Simon Willison’s Weblog

Subscribe

Pydantic Evals (via) Brand new package from David Montague and the Pydantic AI team which directly tackles what I consider to be the single hardest problem in AI engineering: building evals to determine if your LLM-based system is working correctly and getting better over time.

The feature is described as "in beta" and comes with this very realistic warning:

Unlike unit tests, evals are an emerging art/science; anyone who claims to know for sure exactly how your evals should be defined can safely be ignored.

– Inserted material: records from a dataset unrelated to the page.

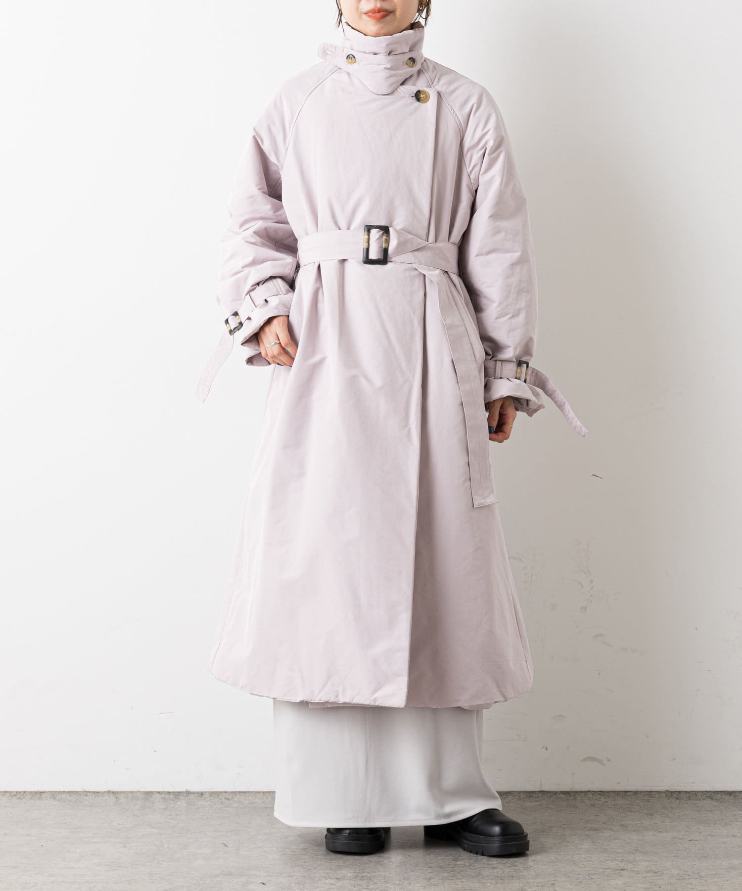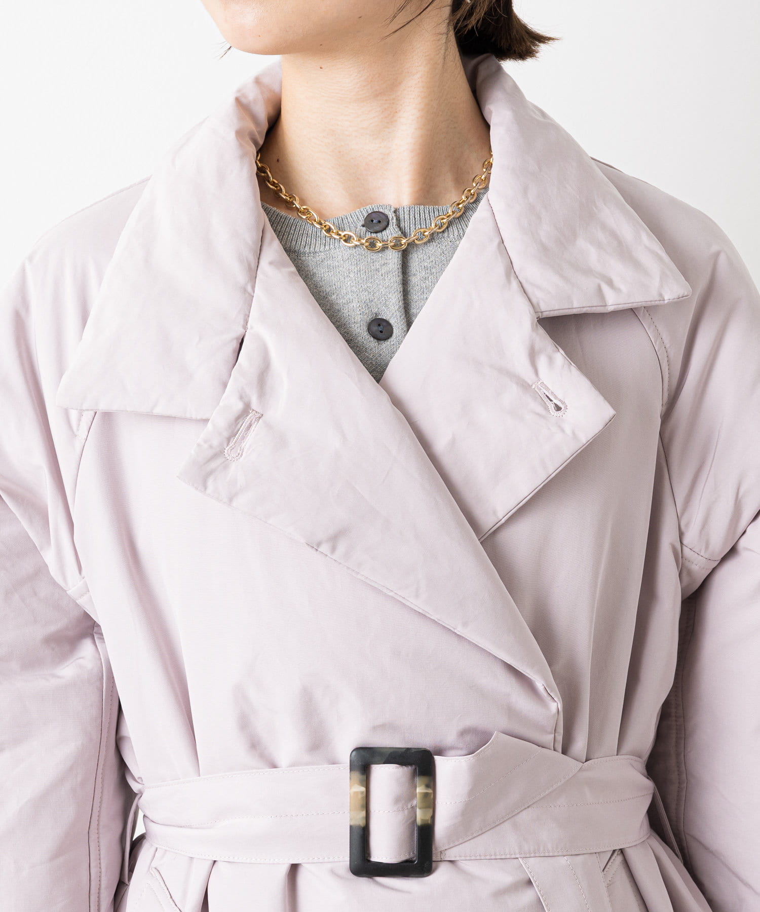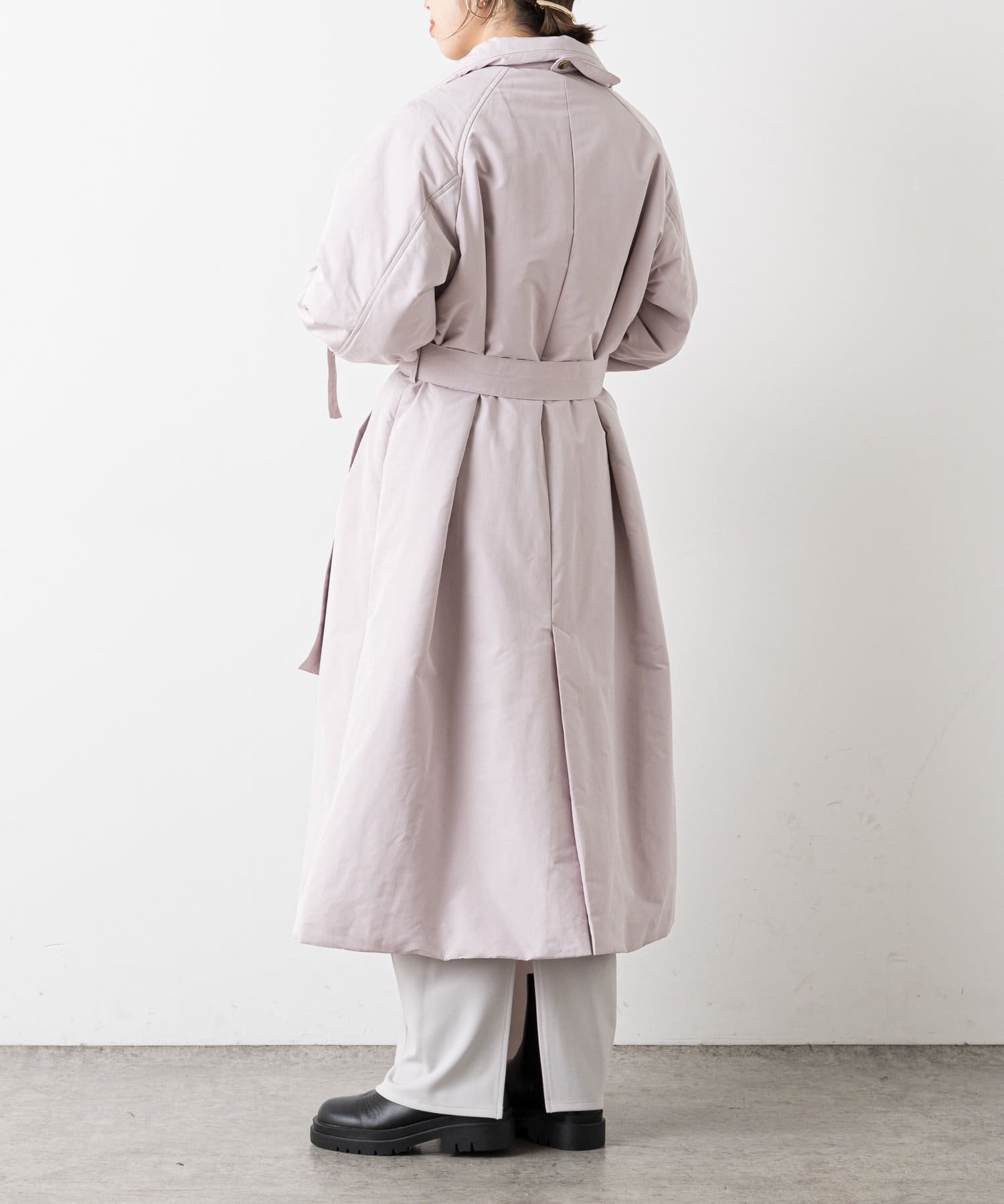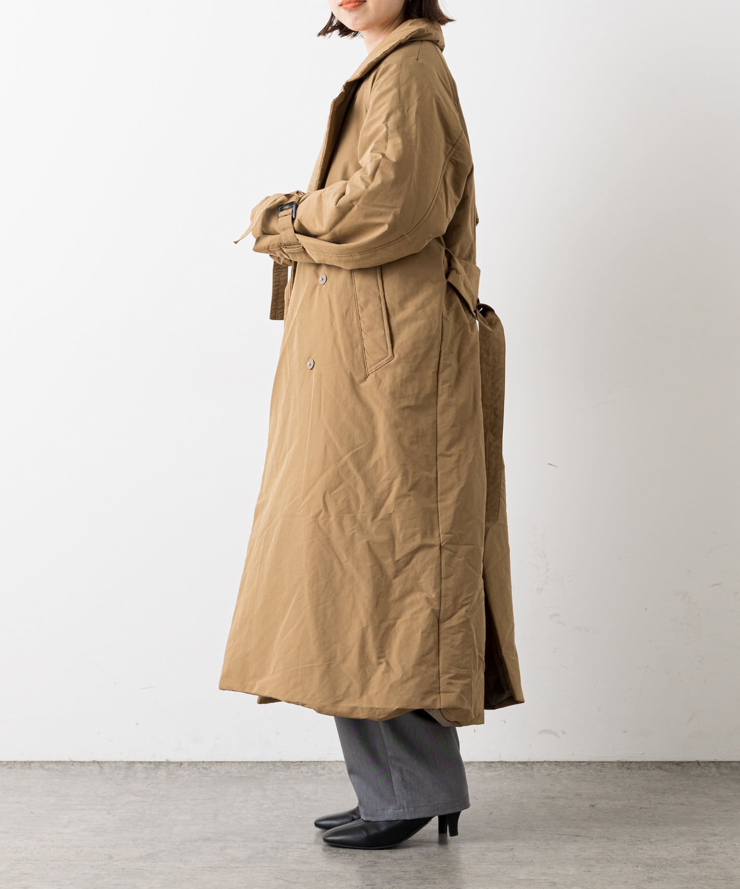 ・中綿を使用しているので保温性に優れ、しっかり暖かく冬まで着られるトレンチコートです。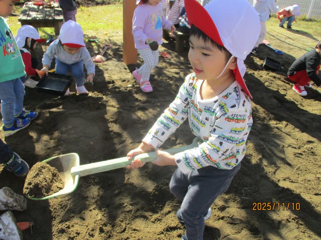 中には、遠くから土を掘っては運ぶ働き者のもも組さんもいました♪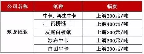 這次的漲價風潮從5月開始,不過10天左右已經形成一股燎原之勢,各大紙廠“遙相呼應”、此方唱罷彼方又起。而就在5月10日,玖龍再次丟出重磅炸彈:瓦楞紙再漲400元/噸!天津玖龍瓦楞紙70g報價為5500元/噸!而不止是玖龍,諸如世紀陽光、港興、亨利等紙廠也在10號上調了300-500元/噸。還有業內人士透露,浙江臺州的瓦楞紙從4月26日到5月10日已漲了1500元噸!漲到今天,原紙價格已令人高攀不起! 玖龍宣布上調瓦楞紙價,幅度為400元/噸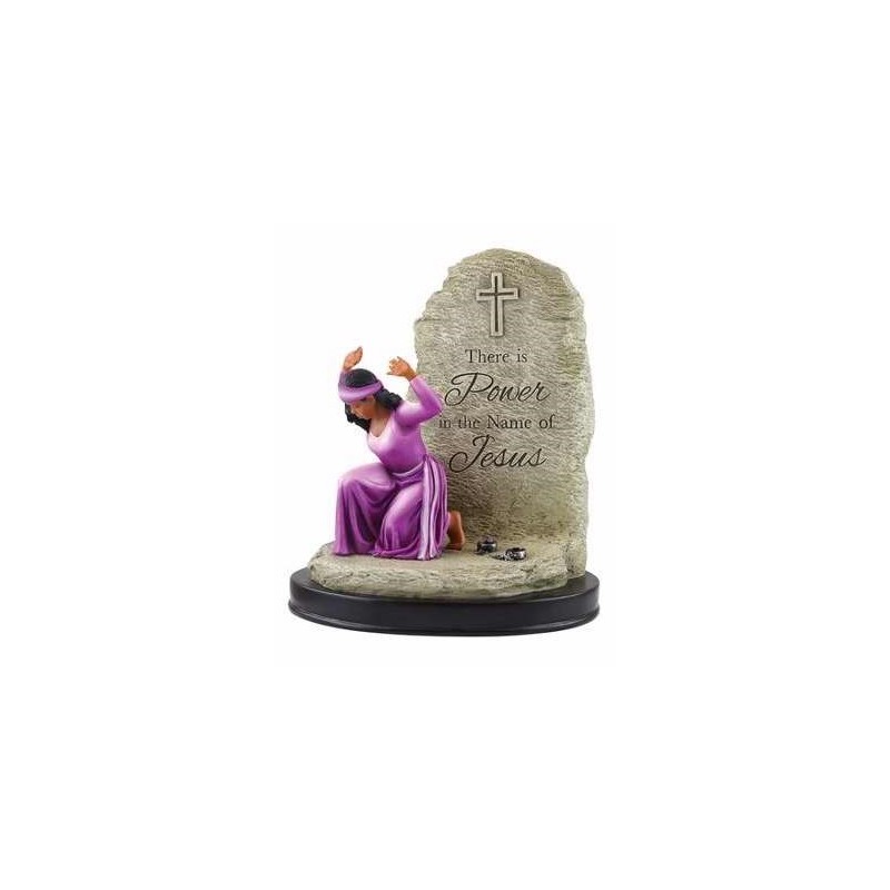 Detailed figurine of woman kneeling in pink gown with hands held up; an expression of faith and inspiration. Round base with stone detail, engraved There is power in the name Jesus with cross. 6.25" x 7.5" x 3".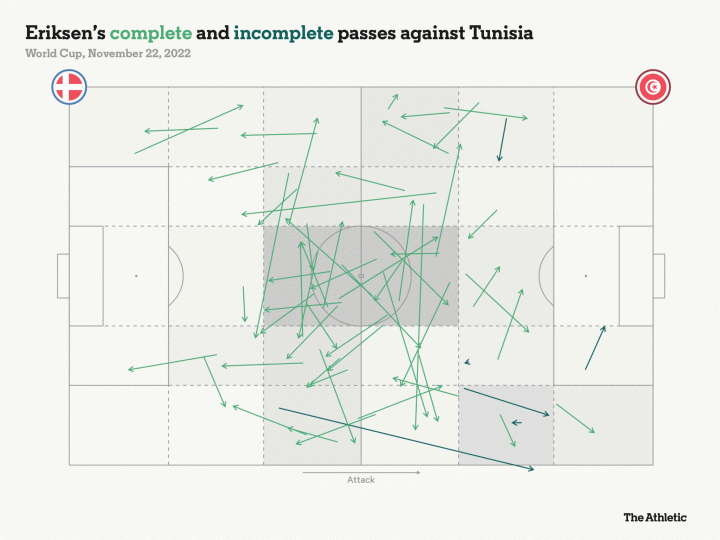 (图)埃里克森对突尼斯时的传球统计显示了突尼斯人的防守是如何对他进行限制的——他很少传球到有威胁的进攻三区
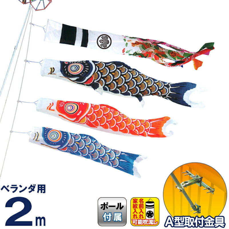 セット内容:吹流2m 黒鯉2m 赤鯉1.5m 青鯉1m ポール2.3m スカイリー矢車 ロープ6m A型取付金具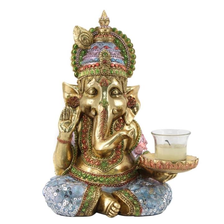 Signes Grimalt By SIGRIS - Portavelas ganesha Dorado de Resina | Portavelas Figuras Decorativas Decoracion Salon 23x12x18cm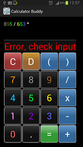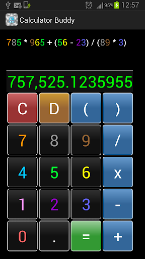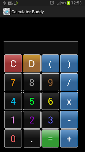A colourful calculator App with sounds. Each number has its own corresponding colour. Calculations can be input up to three lines ( approximately 70 numbers/symbols ). Delete button lets you delete the last inputted numbers/symbols one by one. Also contains a clear button which clears the screen of any calculations.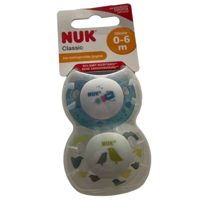 Pour les aventuriers en herbe, voici deux tétines NUK en silicone (6-18 mois), parfaites pour apaiser bébé avec style ! Une tétine sur le thème de l’espace pour les petits astronautes, et une autre avec des oiseaux pour les amoureux de la nature. Pratique et mignon, que demander de plus ?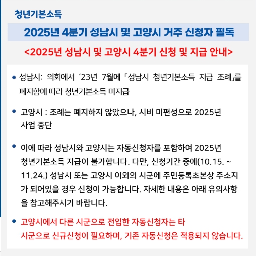 2025년 10월 15일부터 경기도 청년기본소득 4분기 신청이 시작됩니다. 경기도에 거주하는 만 24세 청년이라면, 별도의 소득 조건이나 자산 기준 없이 분기마다 25만 원씩, 1년 최대 100만 원의 지역화폐를 받을 수 있는 제도입니다. 특히 이번 4분기는 올해 마지막 신청 기회로, 11월 24일(월) 오후 6시까지 온라인으로 접수 가능합니다.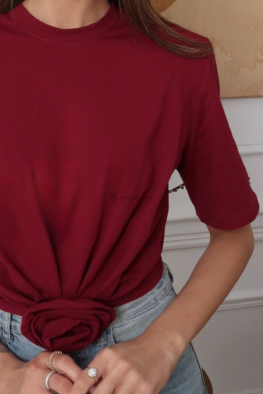 T-shirt Betti z różą w talii bordo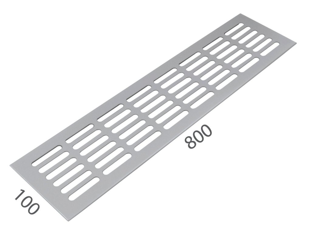 Vetracia mriežka so šírkou 100 mm je vyrobená z hliníka a je povrchovo upravená.VYUŽITIE: na odvetranie vstavaných el. spotrebičov v kuchynských linkách, na kryty radiátorov, na vzduchotechniku, do sadrokartónových priečok, do dverí, atď.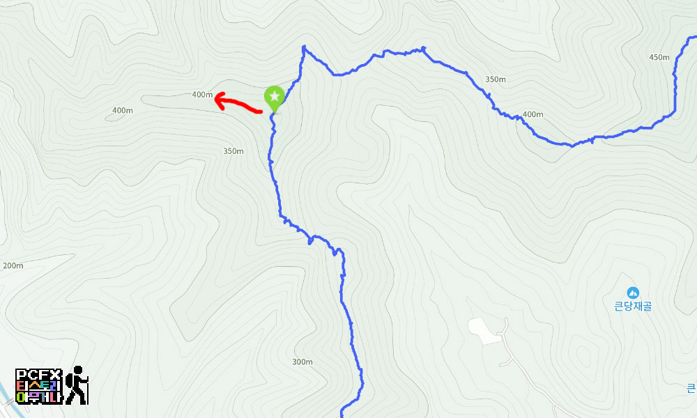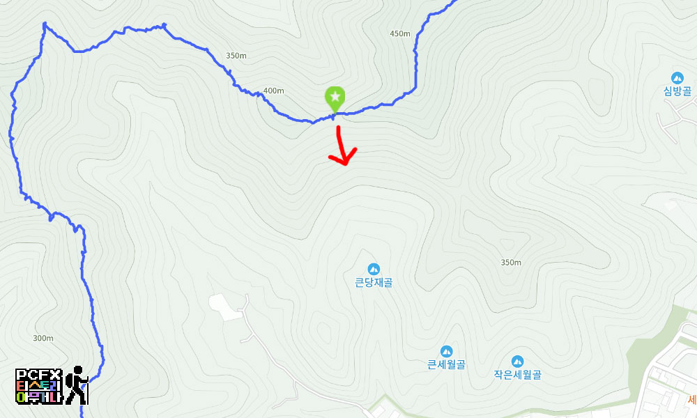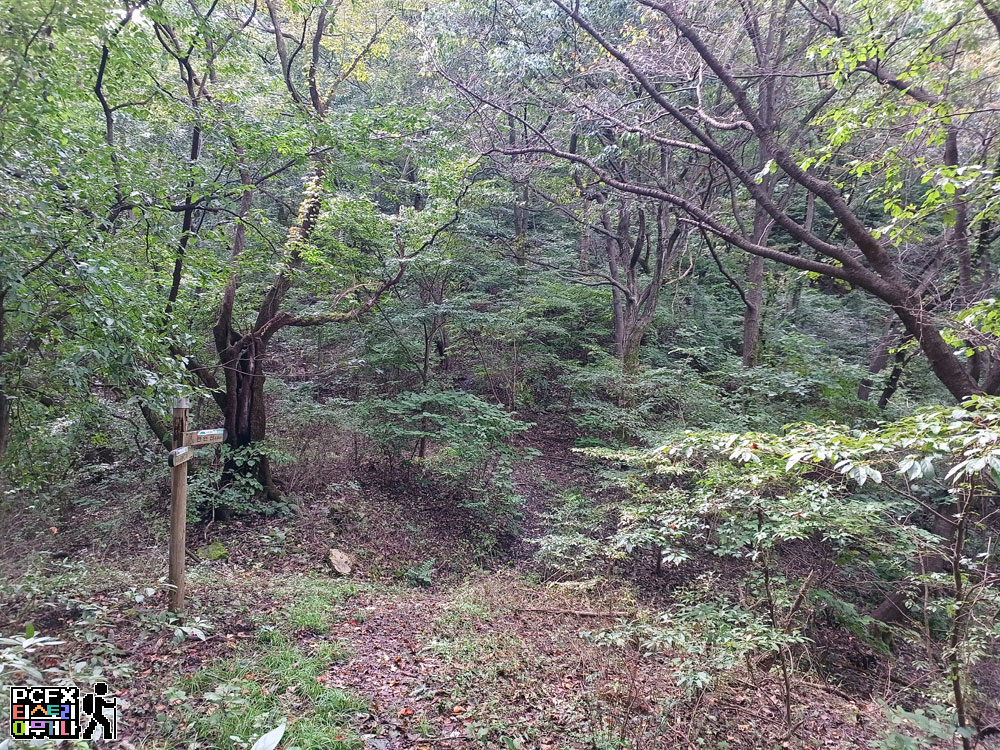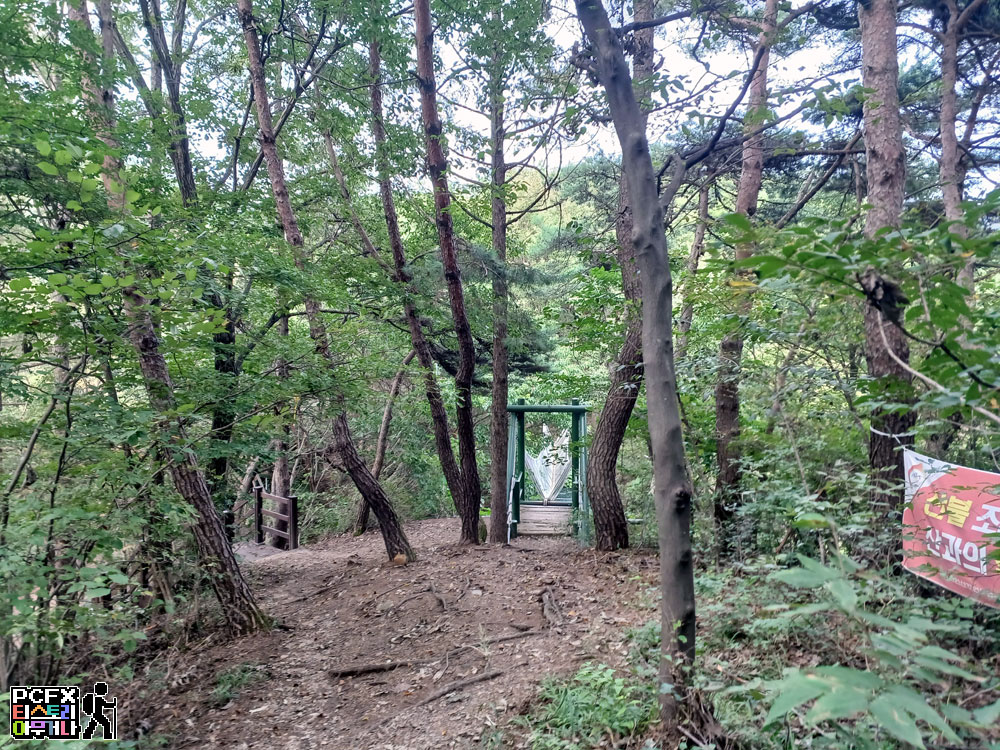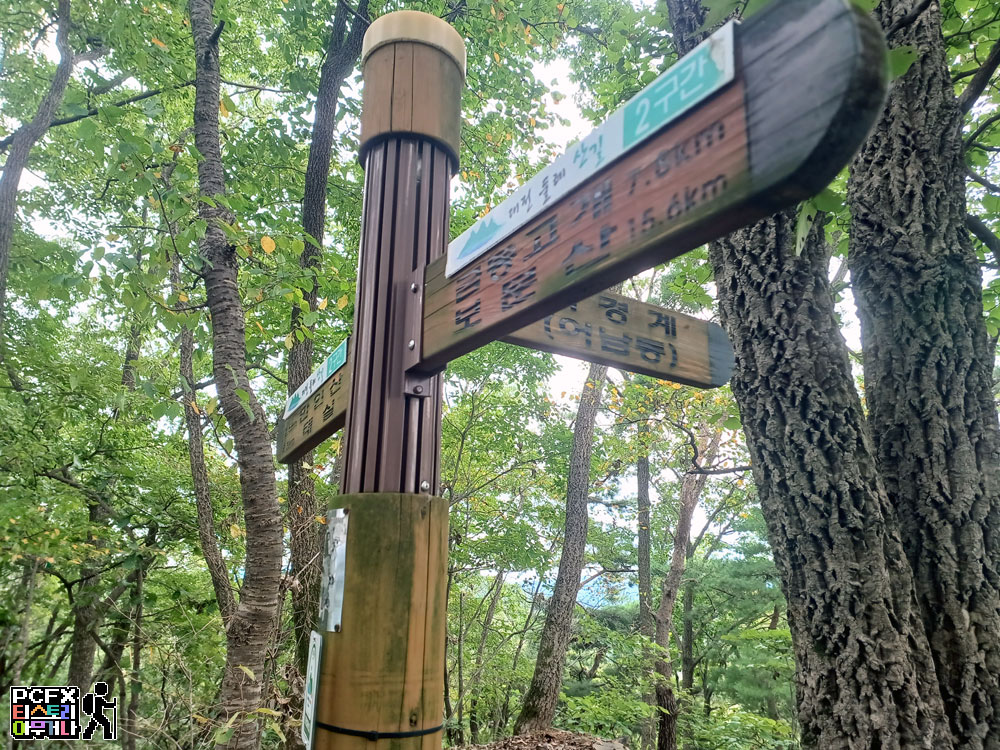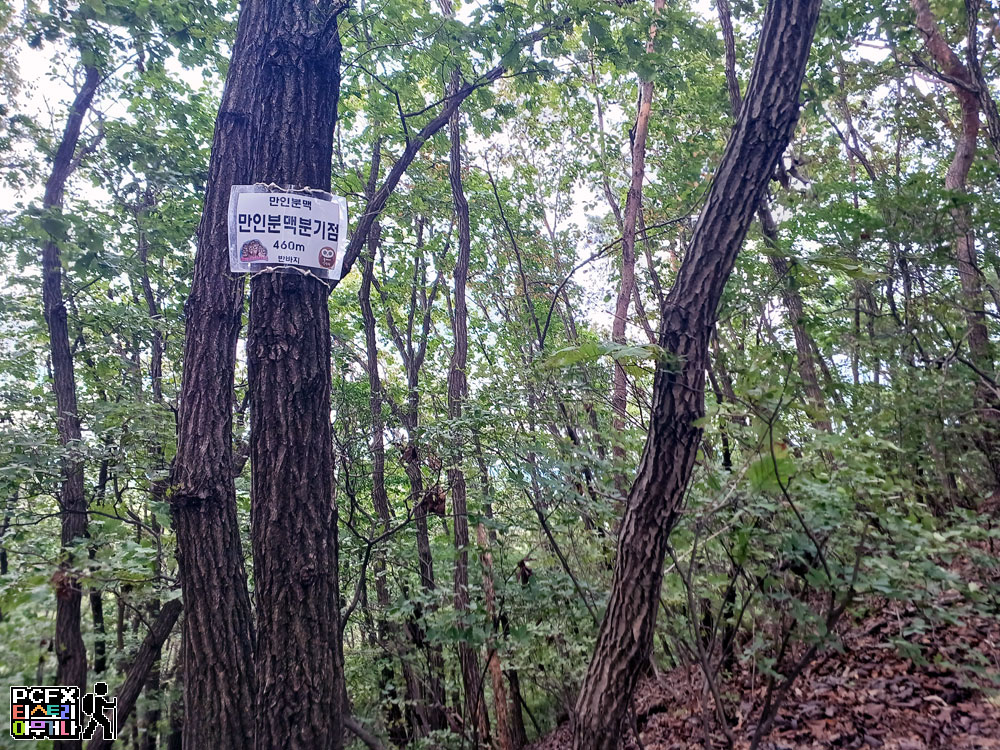 이곳을 오르면 나오는 봉우리에 대전시 경계길 갈림길이 등장한다.

This code example from their documentation illustrates the relationship between the two key nouns - Cases and Datasets:

from pydantic_evals import Case, Dataset

case1 = Case(
    name="simple_case",
    inputs="What is the capital of France?",
    expected_output="Paris",
    metadata={"difficulty": "easy"},
)

dataset = Dataset(cases=[case1])

The library also supports custom evaluators, including LLM-as-a-judge:

Case(
    name="vegetarian_recipe",
    inputs=CustomerOrder(
        dish_name="Spaghetti Bolognese", dietary_restriction="vegetarian"
    ),
    expected_output=None,
    metadata={"focus": "vegetarian"},
    evaluators=(
        LLMJudge(
            rubric="Recipe should not contain meat or animal products",
        ),
    ),
)

Cases and datasets can also be serialized to YAML.

My first impressions are that this looks like a solid implementation of a sensible design. I'm looking forward to trying it out against a real project.